In voice interaction, speech recognition systems based on HMM-DNN hybrid models and end-to-end deep learning architectures [8,9] equip digital humans with high-precision voiceprint recognition and speech-to-text capabilities. Leveraging breakthroughs in large language models (LLMs) [10], digital humans not only accurately parse voice commands but also acquire human-like interactive abilities—including semantic comprehension, contextual correlation, and creative responses—through training on massive corpora. This technological integration liberates digital humans from scripted dialogs, enabling them to autonomously generate contextually dynamic feedback, which significantly enhances the naturalness and intelligence of interactions.

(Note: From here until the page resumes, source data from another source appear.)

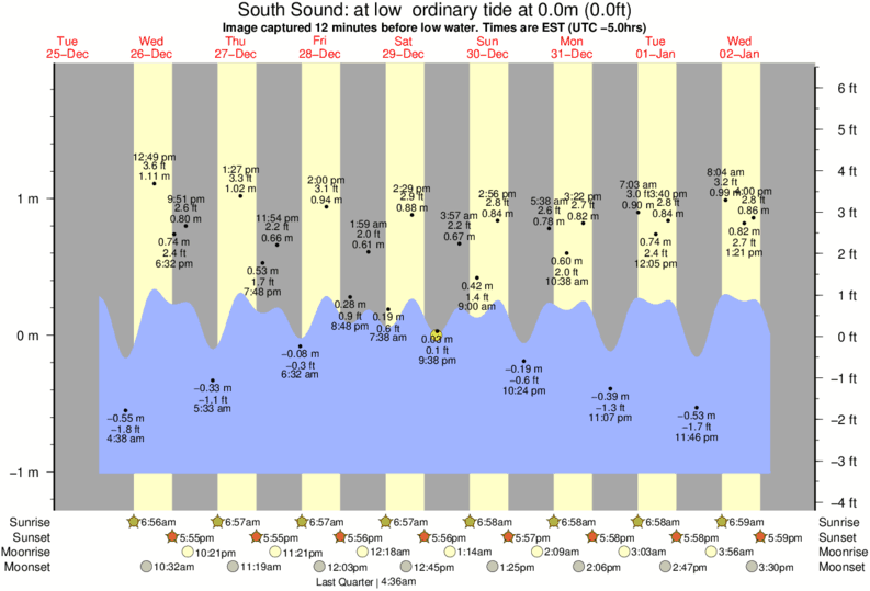Image captured 12 minutes before low water (at low ordinary tide). Tide height was 0.0m (0.0 ft). Range 2.73m (9.0 ft). Toggle tide graph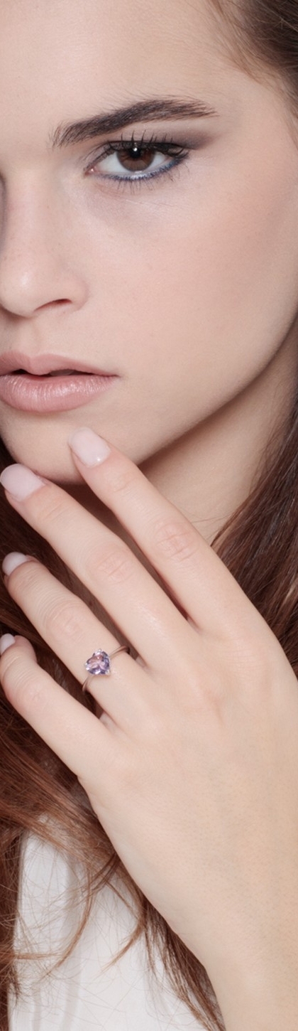 Herzring mit Amethyst aus Weißgold 18K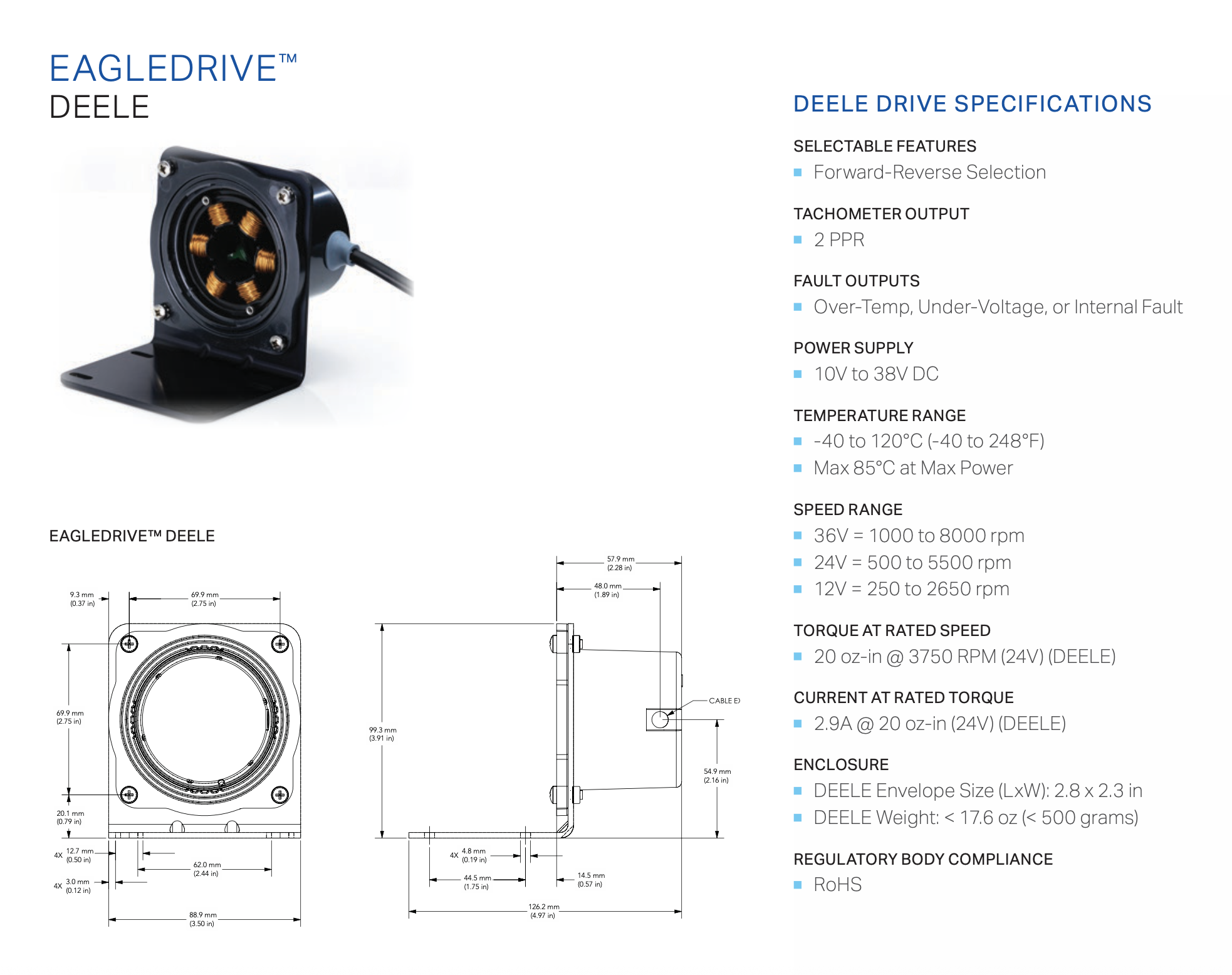 | P100000002332 | Drive | DEELE, FIXED SPEED | DC EagleDrive™ ELE, Electromagnetic Brushless (Rev1.5); 5000RPM FIXED SPEED, Power: 10-38VDC, 2-wire leads, 20 oz.-in, 72W, LE-Mount |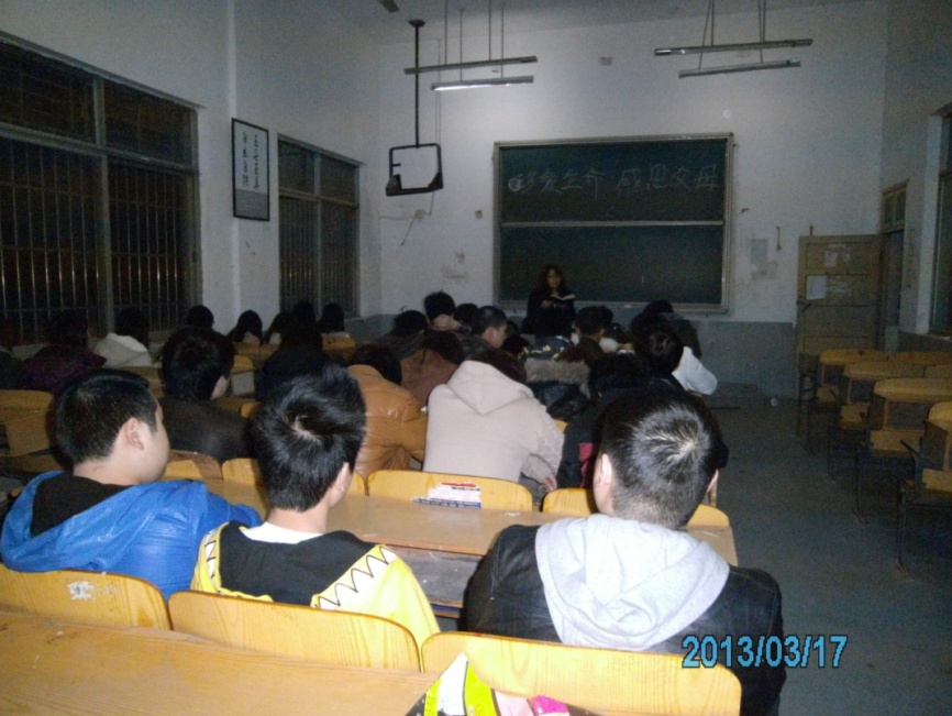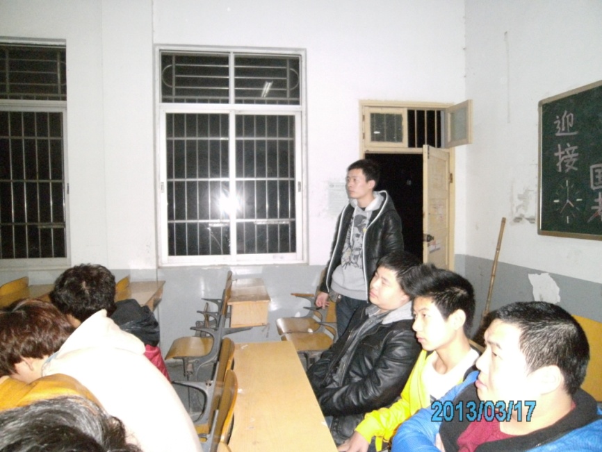 2013年3月17日晚上7点10分,校学工处胡仕雄老师来我院检查各班级“生命情感教育”主题班会的召开的情况。我院学生科科长孙峰老师全程陪同。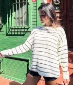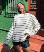 4621-Striped Thessaloniki Crewneck Knit Sweater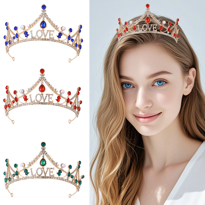 欧式新娘简约皇冠头饰多色合金水钻跨境王冠发饰礼服晚宴发型配饰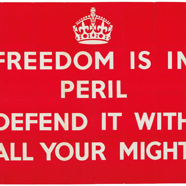 Extremely rare large size original vintage World War Two poster - Freedom Is In Peril Defend It With All Your Might - issued as one of a series of motivational Home Front publicity posters (the others reading Keep Calm And Carry On, Your Courage Your Cheerfulness Your Resolution Will Bring Us Victory and Don't Help The Enemy! Careless Talk May Give Away Vital Secrets), featuring a simple typography design with a Tudor crown above the bold white text on a red background. Printed on two large sheets, each measuring 102x152cm; due to paper shortages during the Second World War, only a handful of these posters were issued in this large size. Horizontal. Very good condition, folded as issued, minor tears and loss on fold lines.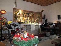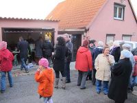 Die Organisation war aufgeteilt worden, so dass die Kirchengemeinde die Kirchendekoration übernommen, der Sportverein dafür gesorgt hatte, dass Stühle vom Bürgerhaus in die Kirche geschafft wurden und wir, vom Heimatverein, für das leibliche Wohl vor und nach dem Konzert zuständig waren. Dabei waren wir dankbar, dass wir eine unterhalb der Kirche stehende Garage als Glühweinstand nutzen durften. Dieser Versorgungspunkt musste zunächst erst einmal eingeräumt werden, was am Vormittag geschah. Mit Schaudern erinnerten wir uns daran, dass wir im letzten Jahr erhebliche Mehrarbeit durch den hoch auf der Straße liegenden Schnee hatten. Davon war aber an diesem 4. Advent 2011 nichts zu sehen, denn um die Kirche herum wuchs grünes Gras und standen schneelose Tannen.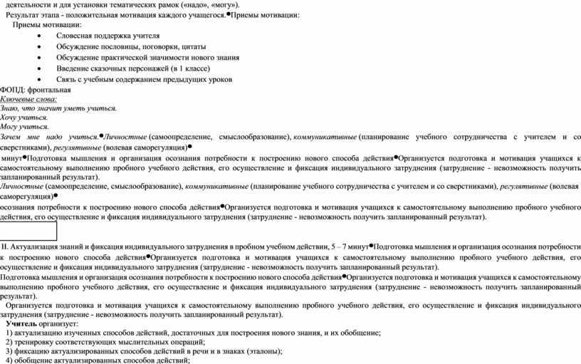 Организуется подготовка и мотивация учащихся к самостоятельному выполнению пробного учебного действия, его осуществление и фиксация индивидуального затруднения (затруднение - невозможность получить запланированный результат). Учитель организует: 1) актуализацию изученных способов действий, достаточных для построения нового знания, и их обобщение; 2) тренировку соответствующих мыслительных операций; 3) фиксацию актуализированных способов действий в речи и в знаках (эталоны); 4) обобщение актуализированных способов действий; 5) мотивирование обучающихся к пробному учебному действию («надо» - «могу» - «хочу») и его самостоятельное осуществление; 6) самостоятельное выполнение обучающимися пробного учебного действия); 7) фиксацию обучающимися затруднений в индивидуальном выполнении ими пробного учебного действия или его обосновании (затруднение – это фиксация невозможности получить запланированный результат). Результат этапа - осознание каждым обучающимся временной невозможности выполнения пробного действия. |

In visual representation, innovations in 3D reconstruction technology have imbued digital humans with lifelike vitality. Tsinghua University’s Unique3D framework [11] achieves precise single-view-to-3D model reconstruction via neural networks, while Nankai University’s CAMixer architecture [12] addresses real-time rendering challenges for dynamic expressions and micro-motions.

Although the prior holographic voice interaction system applied [13] used salient object detection algorithms and a distributed computing architecture to achieve preliminary multichannel perception and real-time digital human interaction, current systems remain limited in deeper interactive dimensions such as contextual cognitive transfer and multimodal intent understanding.

1.2.2. Accelerating Computer-Generated Hologram Computation and Enhancing Quality

Significant global research efforts have been directed towards accelerating CGH computation. Initially, to address the slow generation of holograms, hardware acceleration emerged as a primary approach. International research teams explored the potential of graphic processing units (GPUs), leveraging their massive parallel computing capabilities to partition holograms. By assigning the light field computation of each micro-region to individual GPU cores—with one thread precisely managing per-pixel or per-point calculations—the computation time was significantly reduced [14,15].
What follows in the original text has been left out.